Xavier "Xavi" Quintillà Guasch (born 23 August 1996) is a Spanish professional footballer who plays for Portuguese club C.D. Santa Clara. Mainly a left back, he can also play as a central defender.

Club career

Barcelona
Born in Lleida, Catalonia, Quintillà joined FC Barcelona's youth setup in 2009, from hometown UE Lleida. After finishing his graduation, he was promoted to the reserves in July 2015, after the club's relegation to Segunda División B.

Quintillà made his senior debut on 22 August 2015, starting in a 1–2 loss at UE Cornellà. On 26 August of the following year, after contributing with only eight league appearances, he was loaned to fellow third division side Lleida Esportiu for the campaign.

On 1 September 2017, Quintillà terminated his contract with Barça.

Villarreal
On 1 September 2017, just hours after leaving Barcelona, Quintillà joined Villarreal CF and was initially assigned to the B-team. On 1 November of the following year, he made his first-team debut by starting in a 3–3 away draw against UD Almería, for the season's Copa del Rey. On 30 March 2019 he made his La Liga debut, playing all but the final two minutes of a 3–2 loss at RC Celta de Vigo.

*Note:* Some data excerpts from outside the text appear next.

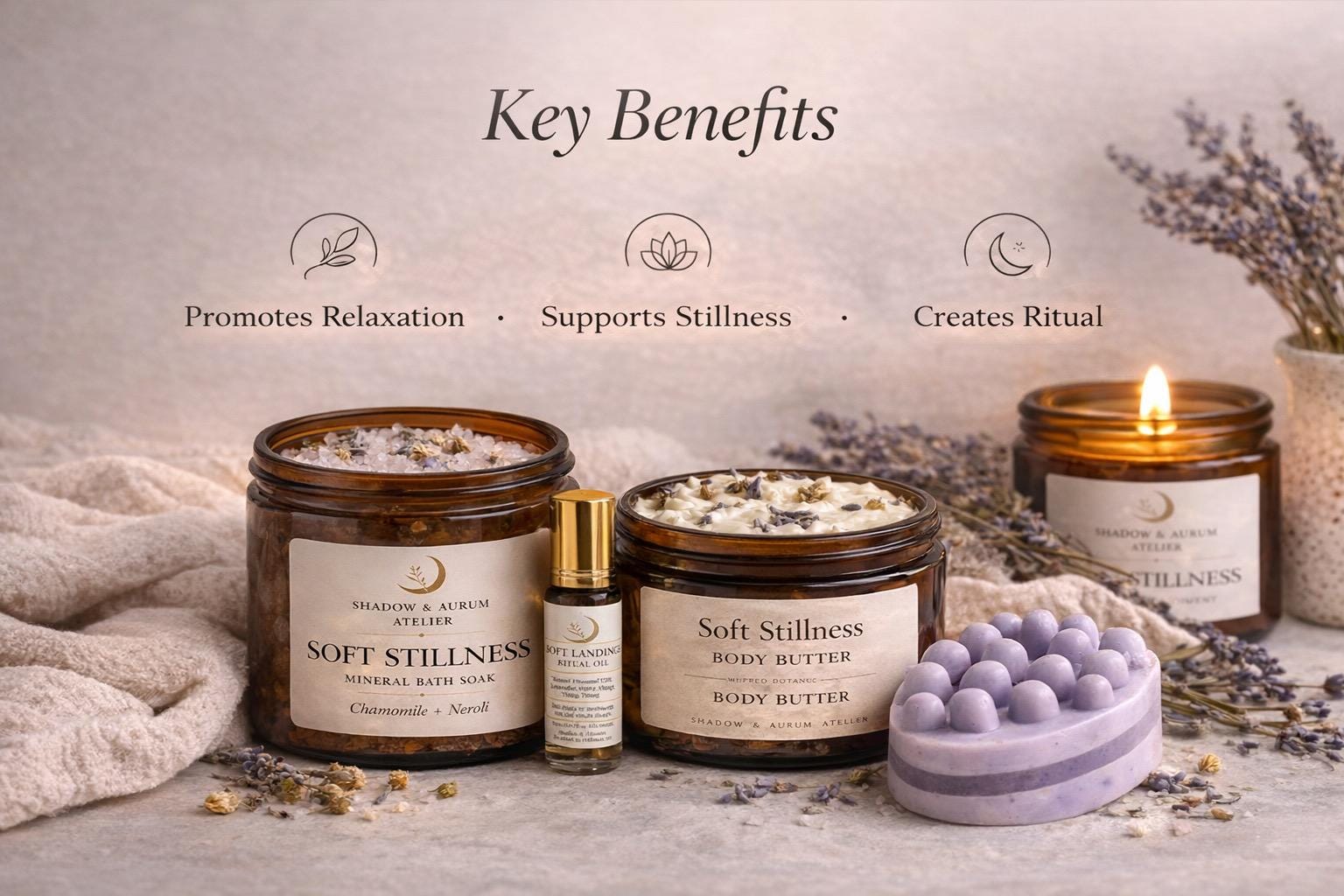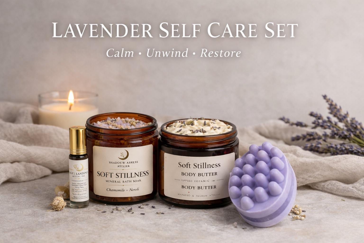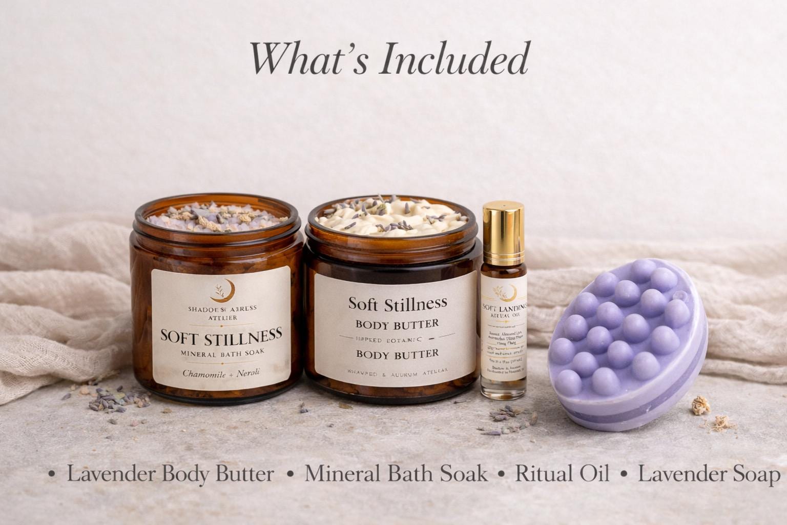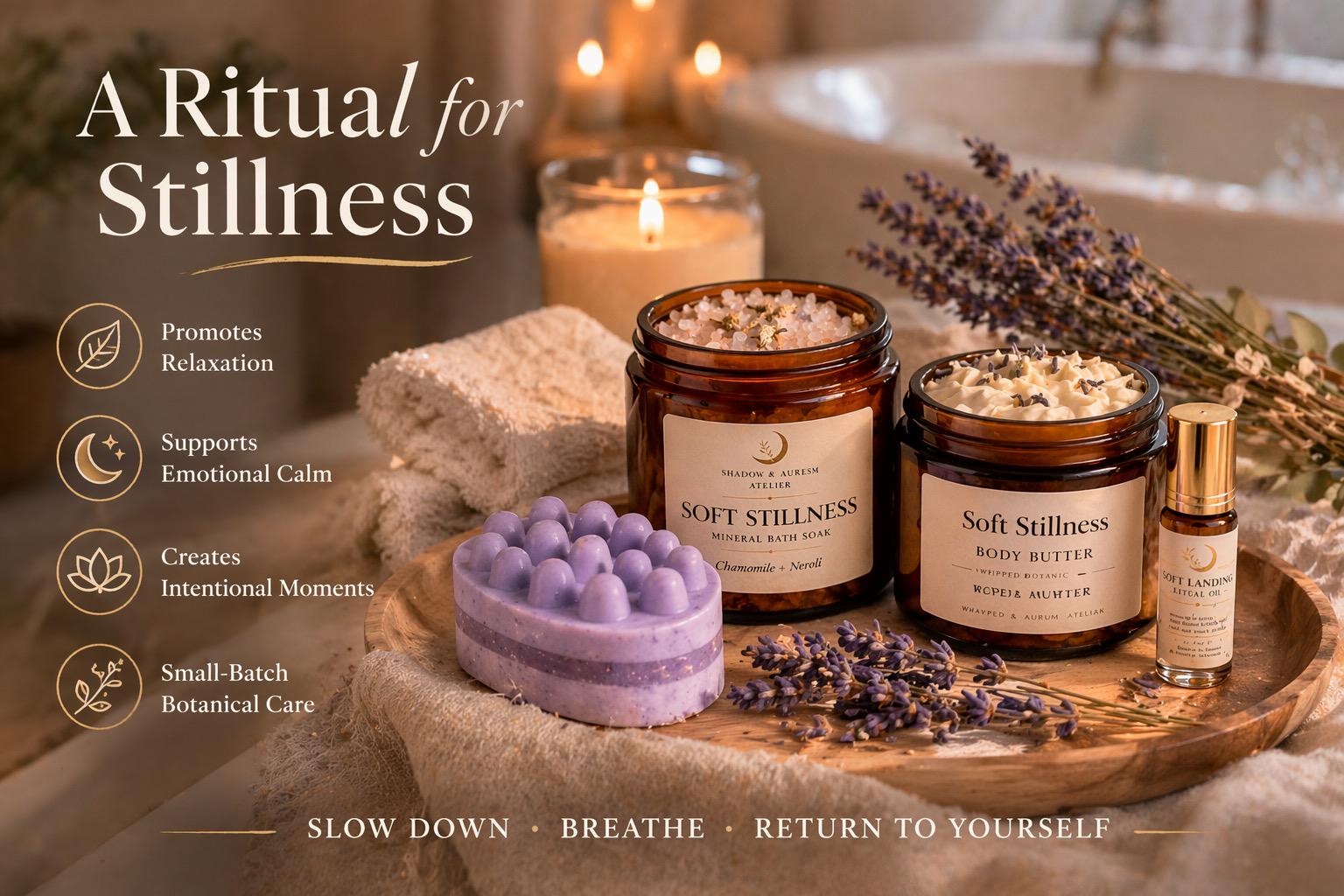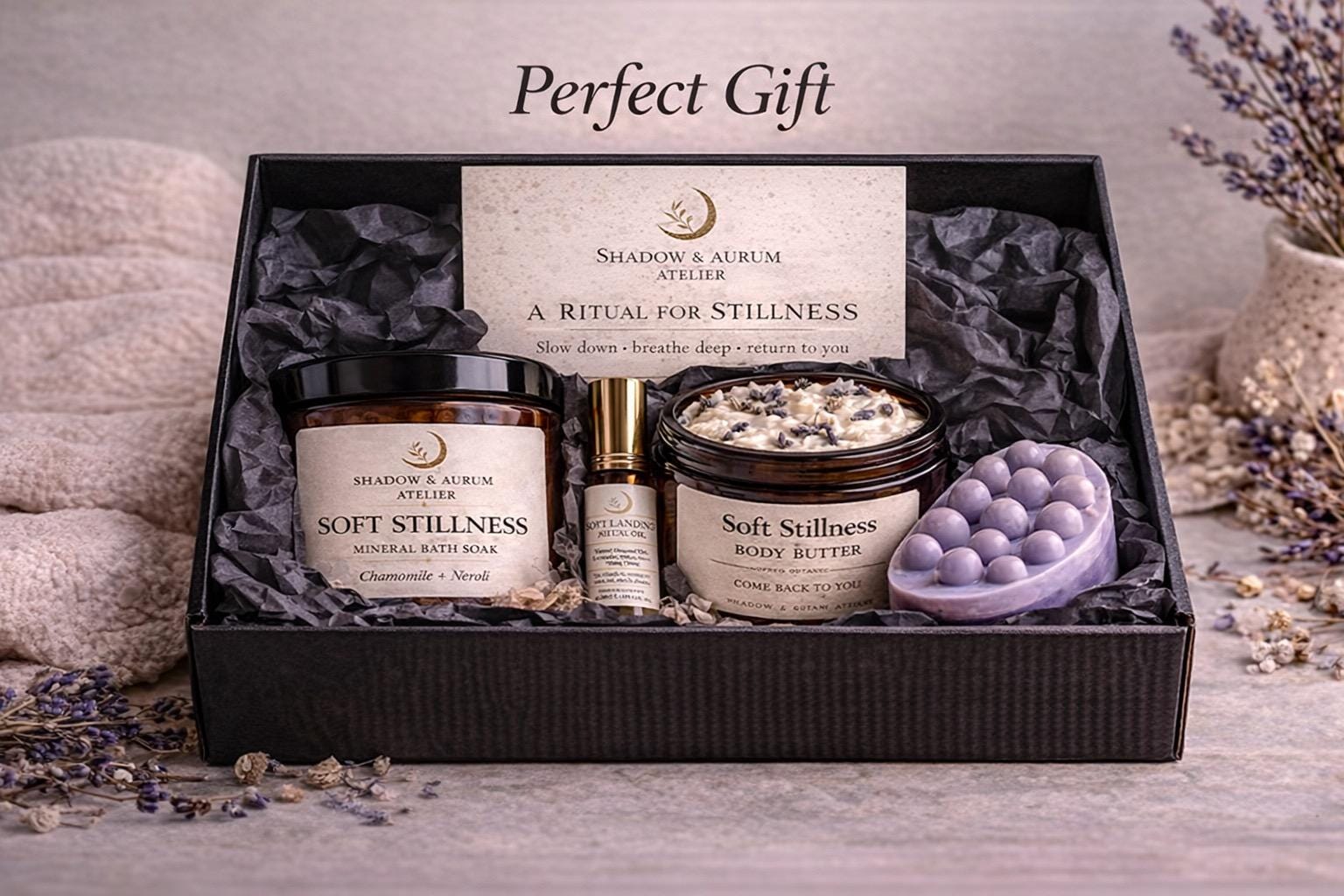 The Soft Stillness Ritual Set is a thoughtfully curated collection of small-batch botanical products created to support moments of rest, emotional reset, and gentle restoration. Perfect for evening rituals, stress relief, or as a meaningful gift for someone who needs a pause.
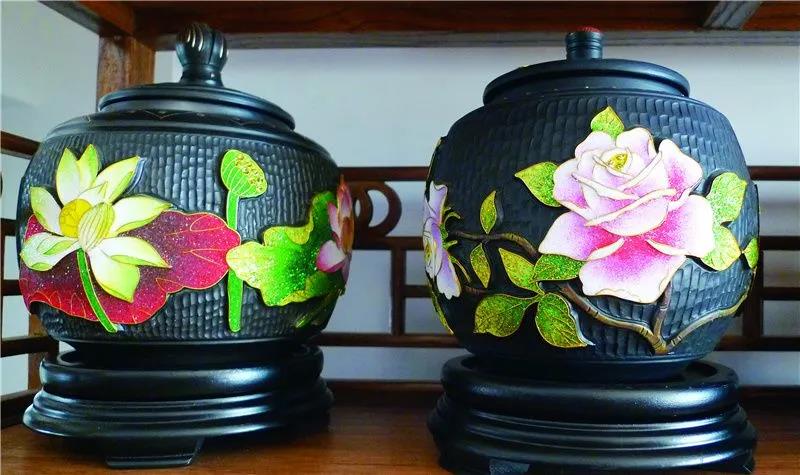 掐絲完成后是上色環(huán)節(jié),掐絲彩嵌黑陶以色彩靚麗、清新自然為佳。由于陶罐的周圍呈曲面,上色時釉料容易流淌出來,在一周內(nèi)經(jīng)歷 10 多道上色,才能讓釉料豐滿貼合。
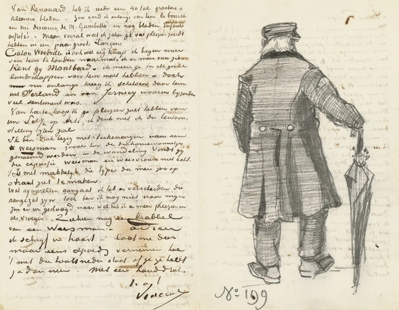 「傘を持つ老人の後ろ姿が描かれたアントン・ファン・ラッパルト宛ての手紙」
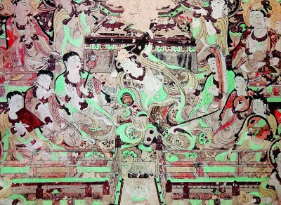 走进复制的莫高窟第220窟,一定要仔细看看北壁的乐舞图。它绘制于初唐,是唐代壁画中最具代表性的,描绘了佛国世界伎乐天奏乐歌舞的场景。画面正中有一座灯楼,两侧各立一树灯轮;左右两厢置乐队,共28人,分为两组,演奏来自中原和西域的各种打击、吹奏、弹拨乐器;两对舞伎在小圆毯上旋转腾踏,巾帛飞扬,跳着唐代盛行的胡旋舞。
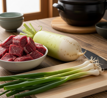 - 얼큰하게 즐기기: 경상도식 얼큰한 소고기 뭇국을 원하시면, 2번 단계에서 고기와 무를 볶을 때 고춧가루 1~2스푼을 함께 넣고 볶아 고추기름을 내주면 칼칼한 맛을 즐길 수 있어요.
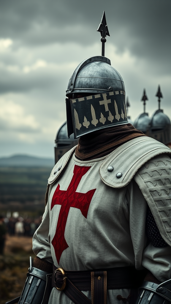 A photorealistic image captures the striking scene of a Templar knight's armor and helmet, featuring a white surcoat adorned with a bold red cross on the chest. This knight stands resolute among a line of fellow knights, each exuding a quiet determination before the impending battle. The background reveals a dramatic battlefield, stretching towards a horizon cloaked by a brooding, grey sky. The depth of field skillfully blurs the distant landscape, drawing focus to the knight's solemn expression and polished armor. Captured as if through a 50mm lens, the image subtly highlights the intricate details and textures of the armor, while a gentle, ethereal glow seems to emanate from the crosses, infusing the scene with an aura of mystique and reverence.
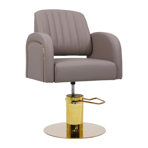 Lotus Darcy Taupe Hydraulic Styling Chair is crafted in a soft faux leather fabric with a distinctive gold trim. This chair comes complete with a reflective gold hydraulic base making it the perfect addition to modernise your salons aesthetic whilst still being practical.

Promoted to the main squad for the 2019–20 season, Quintillà featured sparingly but still renewed his contract until 2023 on 25 February 2020.

On 18 August 2020, Quintillà joined EFL Championship side Norwich City on loan. He scored his first goal in a 3–1 win against Queens Park Rangers the following 24 April, and ended his spell at Carrow Road as a title winner.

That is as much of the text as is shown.